Although plane crashes are statistically rare, when one does happen, it’s the black box that is key to figuring out what went wrong.

But what is a black box and how does it work?

A black box is an electronic device stored in the tail of the plane that records flight information. Airplanes have two of them: the CVR , or cockpit voice recorder, and the FDR, or flight data recorder. And, despite the name, they’re not actually black, but bright orange, so they can be easily found.

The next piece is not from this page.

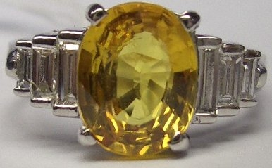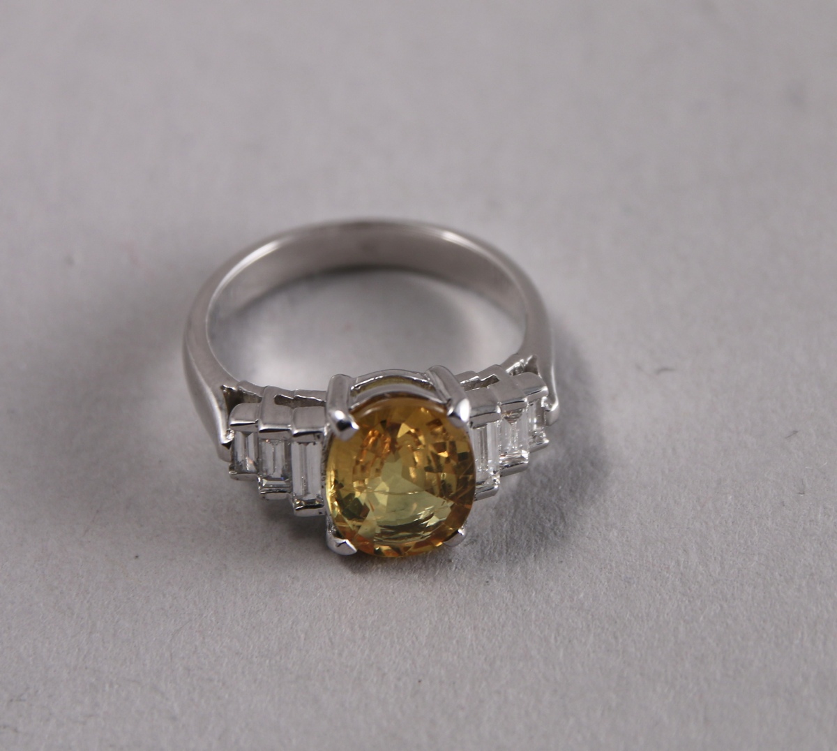 BAGUE en or blanc, ornée d'un SAPHIR jaune traité taille ovale d'envion 3 carats, épaulé de 6 DIAMANTS blancs taille baguette en chute d'environ 0,35 carat.

The CVR records conversations, air traffic control and warning sounds in the cockpit from the two most recent hours of a flight. The FDR keeps track of the plane’s vital information, like speed, altitude, engine power, fuel levels, temperature and flight controls. It records up to 25 hours of data, and after that it records over existing data.

Black boxes can get damaged, but their “crash-survivable memory units,” which protect the memory cards, are practically indestructible. They’re wrapped in a thin layer of aluminum, an inch of high-temperature insulation and are covered in stainless steel or titanium.

Black boxes are built to survive acceleration up to 3,400 Gs, an hour in temperatures as high as 2,000 degrees Fahrenheit and to survive being submerged in water at a depth of 20,000 feet. They have an underwater beacon that emits a pulse every second and is detectible by sonar for about 30 days.

With hundreds of thousands of flights taking off daily around the world,, when it comes to the essential role of black boxes on planes, at least you can say, “Now I get it.”